You can't audit what you don't understand.

Before you start hunting for AI opportunities, you need a clear picture of your business as it actually operates today—not how you think it operates, or how it's supposed to operate.

This step is about gathering the facts. The real ones.

Here's what you need to know—and why it matters.

1. Find Your "North Star"

Start with direction.

Write down your top 3 business goals for the next 12 months. These could be revenue targets, customer growth, new product launches—whatever matters most.

Then write down your top 3 constraints. Budget limits. Compliance requirements. Headcount freezes. Tight timelines.

Why this matters: AI should help you hit your goals faster or remove constraints that slow you down. If you don't know what those are, you'll build the wrong thing.

2. Map Your Operations

Get the org chart out of your head and onto paper.

List every department in your company and what each one is responsible for. Sales. Marketing. Operations. Support. Finance. HR.

Then write down the KPIs each department uses—even if they're messy or incomplete.

Why this matters: AI opportunities live inside departments. If you don't know who owns what, you won't know who to talk to or where the biggest pain points are.

3. Inventory Your Tech Stack

Every system. Every tool. Everything.

Make a list of every piece of software your business uses:

  • Sales/CRM (Salesforce, HubSpot, Pipedrive)
  • Marketing (email tools, ad platforms, analytics)
  • Operations/ERP (inventory, scheduling, project management)
  • Support (Zendesk, Intercom, helpdesk software)
  • Finance/Accounting (QuickBooks, Xero, NetSuite)
  • HR (payroll, benefits, time tracking)
  • Communication (email, Slack, Teams)
  • File storage (Google Drive, Dropbox, SharePoint)

For each system, capture:

  • Who owns it
  • What it's used for
  • What key data lives inside it
  • Where that data comes from and where it goes

Why this matters: Most AI opportunities involve connecting systems or pulling data from multiple places. If you don't know what you're working with, you'll miss the biggest wins.

4. Document Your AI History

What have you already tried?

List any AI tools your team is already using—official or unofficial ("shadow AI" that people adopted on their own).

Then document any AI projects that failed:

  • What was it supposed to do?
  • Why did it fail? (Bad data? No adoption? Poor quality? Security issues?)
  • What will your team absolutely not tolerate again?
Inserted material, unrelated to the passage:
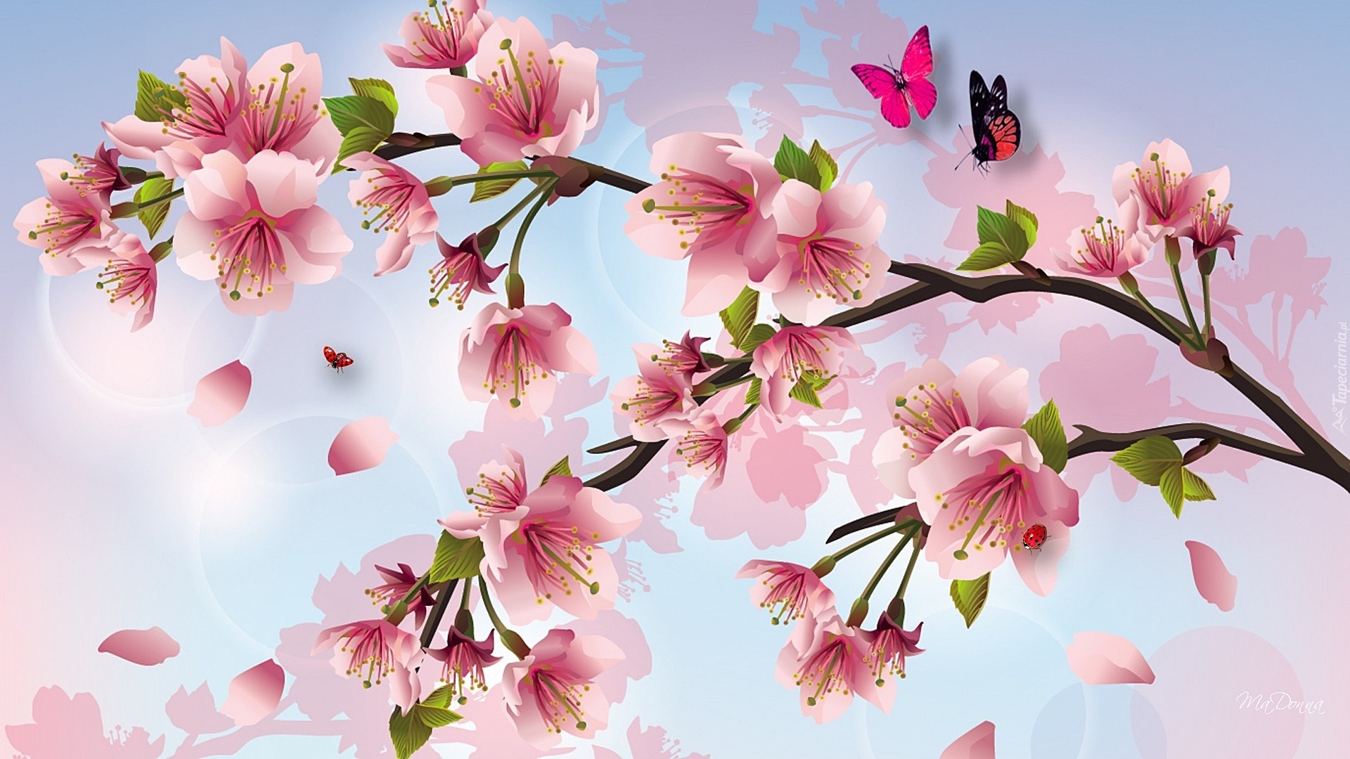 Edytor tapety: Kwiaty, Owocowego, Drzewa, Gałązka, Biedronki, Motyle

Why this matters: Past failures teach you what to avoid. If your team tried AI once and it burned them, you need to know why—so you don't repeat it.

5. Plan Your Access

Figure out what you need and who can give it to you.

Decide what access you'll need right away (Week 1) versus later (Weeks 2–4).

Write down:

  • Who will grant access
  • When you need it by
  • What specific data or systems you need access to

Why this matters: You can't audit what you can't see. If you wait until week 3 to ask for access, you've already wasted two weeks.

6. Write a One-Page Summary

Pull it all together.

Create a single-page document that includes:

  • Your top 3 goals and constraints
  • Department breakdown
  • Tech stack highlights
  • Data sensitivity rules (what's confidential, what can't be shared)
  • AI history (tools tried, what worked, what didn't)
  • Known bottlenecks (if you already know where things break)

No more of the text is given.